Problem to work on: What you return should be the lines from the one with "Baby Boys Navy" through the one with "タン食べ比べは、塩タン・中落" in the data below, reproduced exactly with both ends, and no pictures at all.

[Entries shown]

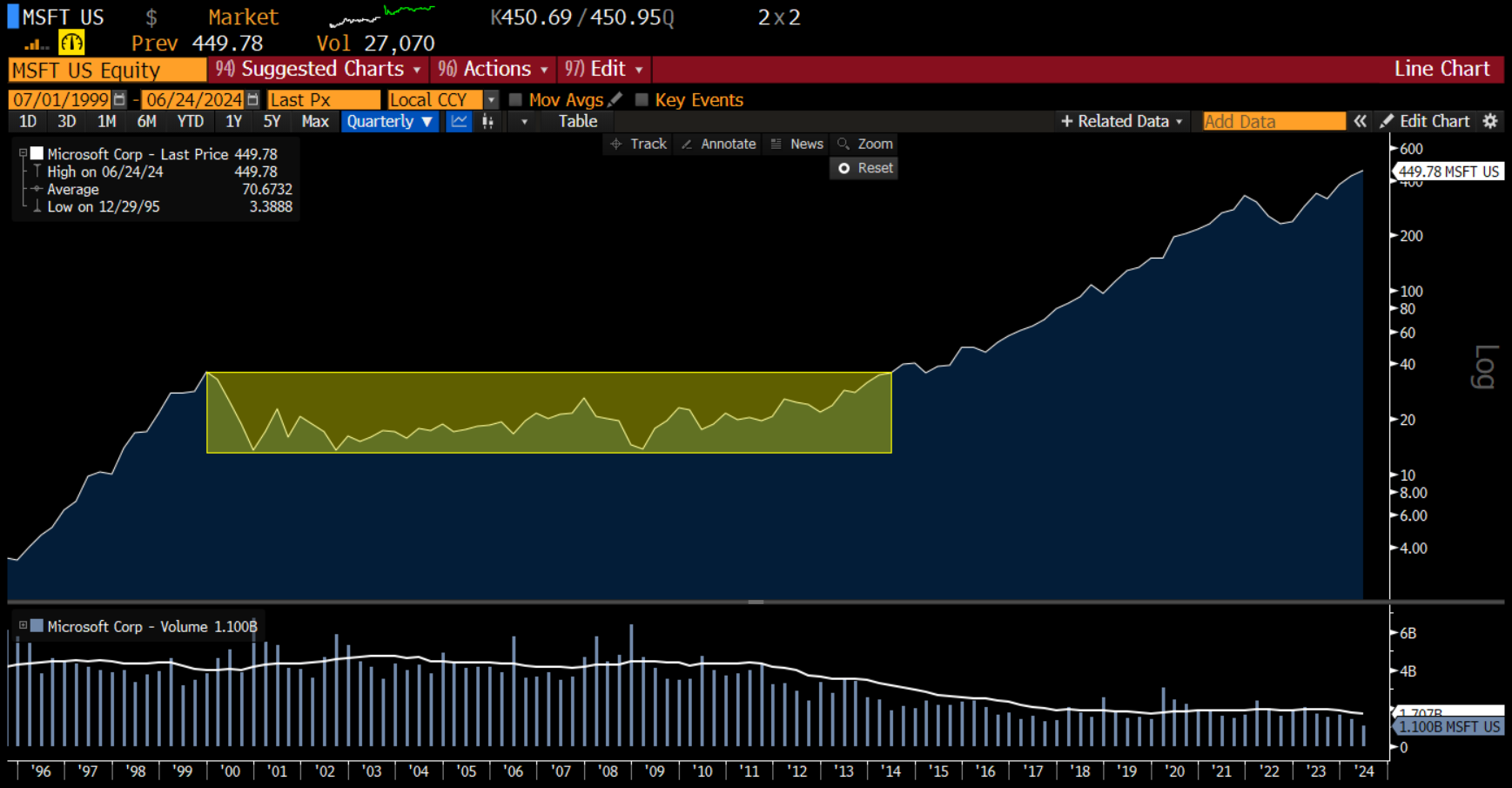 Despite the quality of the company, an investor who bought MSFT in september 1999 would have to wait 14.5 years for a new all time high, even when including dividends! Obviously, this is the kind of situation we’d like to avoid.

[/Entries shown]
[Entries shown]

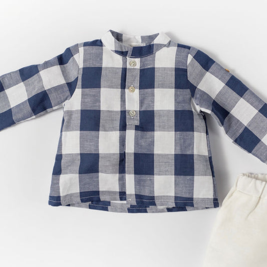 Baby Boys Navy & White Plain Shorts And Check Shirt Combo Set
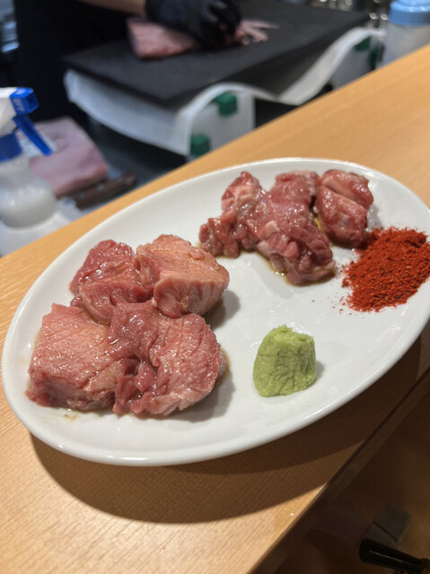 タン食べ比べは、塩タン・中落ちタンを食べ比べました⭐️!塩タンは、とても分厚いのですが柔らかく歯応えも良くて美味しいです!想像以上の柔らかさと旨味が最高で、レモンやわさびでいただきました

[/Entries shown]
[Entries shown]

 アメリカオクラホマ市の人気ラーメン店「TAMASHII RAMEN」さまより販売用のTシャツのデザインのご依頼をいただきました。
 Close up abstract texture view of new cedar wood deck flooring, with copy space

[/Entries shown]

Task solution:
 Baby Boys Navy & White Plain Shorts And Check Shirt Combo Set
 タン食べ比べは、塩タン・中落ちタンを食べ比べました⭐️!塩タンは、とても分厚いのですが柔らかく歯応えも良くて美味しいです!想像以上の柔らかさと旨味が最高で、レモンやわさびでいただきました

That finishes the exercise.